新生徒会室に集まる次期生徒会メンバー。散る桜。成長と変化の象徴である。光香の、学園の光景は変わりません、といった趣旨のセリフは逆にこの変化を強調するためのギミックとして十分な役割を果たしている。にも関わらず、後半部で光香は、学園は変わらないけど私たちは変わろうとしています、とわざわざ喋る。
映像に語らせるべき部分をわざわざ声にして喋らせるのが「まなび」の陳腐なところであると同時にこれは評価すべきところでもあると、最終回の終わったいまでは感じる。それはひとえに声優の力によっている。「まなび」のキャスティングは単に『豪華』なだけのものでないことはもはや自明で、旬の声優たちがその才能を遺憾なく発揮した演技は素直にすばらしいと感じる。だが声優が才能を発揮するにはセリフがないとならないわけで、声優の力に頼ろうとするならばセリフの説明過多は必然とも言えるわけだ。
あ、上で書いたことと矛盾するようだけど、無声で語られるED(歌も使っていない)は効果的だった。想像力を喚起する空白。これが出来てなんで普段はあんなに説明過多になっちゃうんだろう。両極端だなあ。

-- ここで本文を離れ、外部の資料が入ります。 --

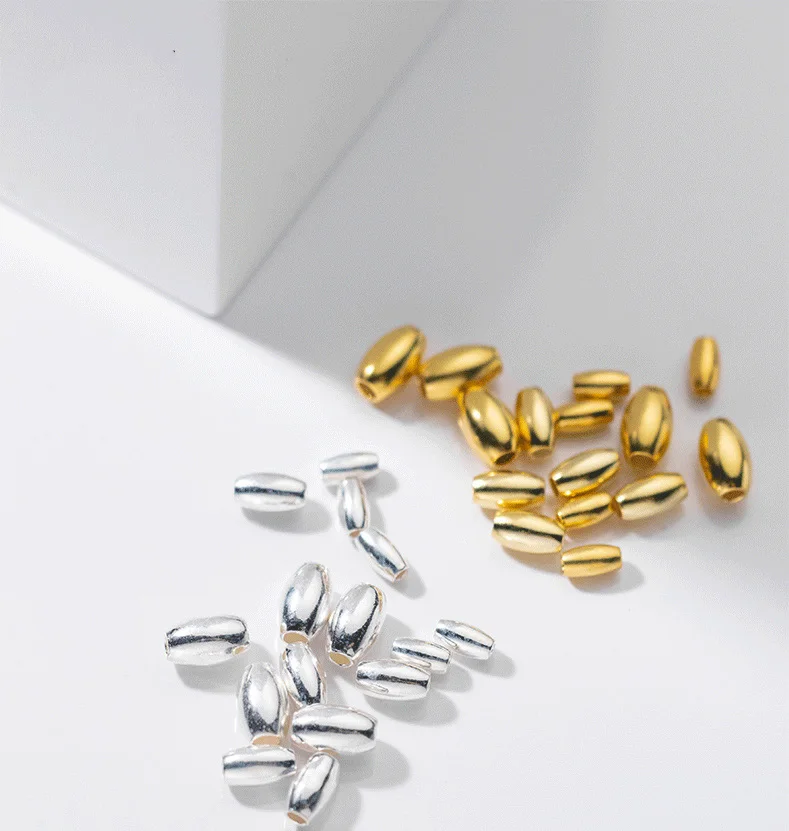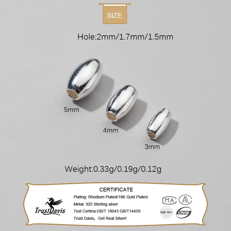 TrustDavis Real 925 Sterling Silver Glossy Olive Beads Separator Beads DIY Fit Bracelet Necklace Accessories Fine Jewelry HY985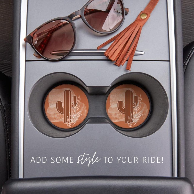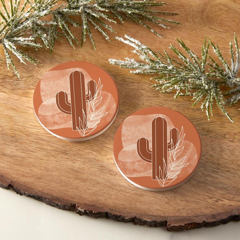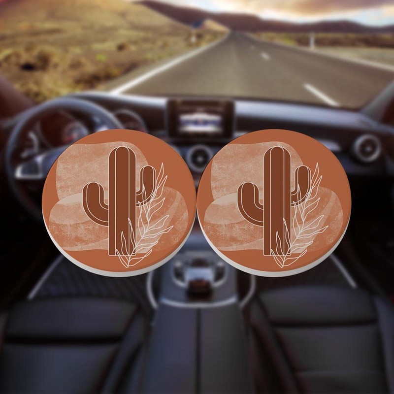 Modern Minimalist Texas Cactus, Joyride Home Decor, 2 Ceramic Car Coasters, 2.65-inch Circle Coasters, Set of 2, Vehicle Accessory, Keeps Car Cup Holder Clean, Express Your Style.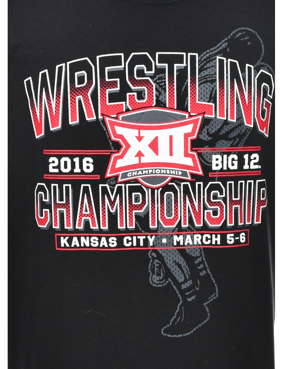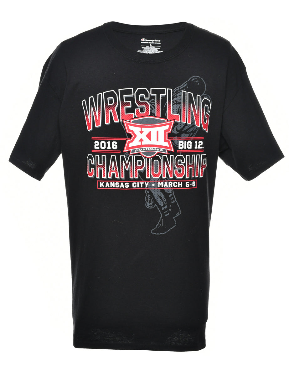 Champion Kansas city t-shirt in black with wrestling print.

スタッフロールでは美術に海老沢一男の名前が。空港なんかの背景は恐らく彼の仕事なんじゃないかなーと想像してみる。ディテールにはこだわらず、優しげでどこか非現実的な(まさしくユートピア的な)空気感の創出に専心した美術は「まなび」によくマッチしている。文字を見れば解るように、背景は常に細かく描きこまれている方がいいとは限らないのである。
反省会のシーン。右(上手)=与えるもの、左(下手)=受け取るもの、という役割分担はアニメでも一般的っぽい。ここでは、学美から受け取った想いを胸に、四人はそれぞれの道を歩き出すのである、という構図に解釈できる。


「語り方」ではなく「物語」そのものについていくつか。
パーティの準備をして待っている新生徒会役員が放って置かれたままなのはヒドい。学美→光香たちの受け渡しだけでなく旧生徒会→新生徒会の受け渡しも描いて欲しかった。
光香について。ナレーター役だった彼女が次なる物語の主人公となるという構図は、空白であり同時に多くの可能性を持つ未来を予感させる点が非常に感動的。よくある手といえばよくある手なのだけど、それでも空港での別れのシーンは好印象だった。ただし、自立の象徴として異郷への旅立ちを描くというのはわかりやすいのだけど僕はあまり好きではない。「魔術師オーフェンはぐれ旅」のクリーオウの「独立独歩って、離れて暮らしてるってことじゃないと思うんだけど」みたいなセリフを知っている人はいますでしょうか。まあ、そういうことです。


まとめ:「まなび」が結局「ufotable作品は脚本が弱い」という評価を覆すに至るものでなかったことは残念。でも一定の魅力を持った作品にはなったと思う。コヨーテは2話で切ったけど、まなびでは僕はこうして感想を書いてる。書き残したことはある(第一話冒頭のリフレインである電車のシーンとか、スタッフロールのワンカット、桃葉が製作したと思われる映画のタイトルの意味づけとか)けれど、一話から見直してから書こうと思います。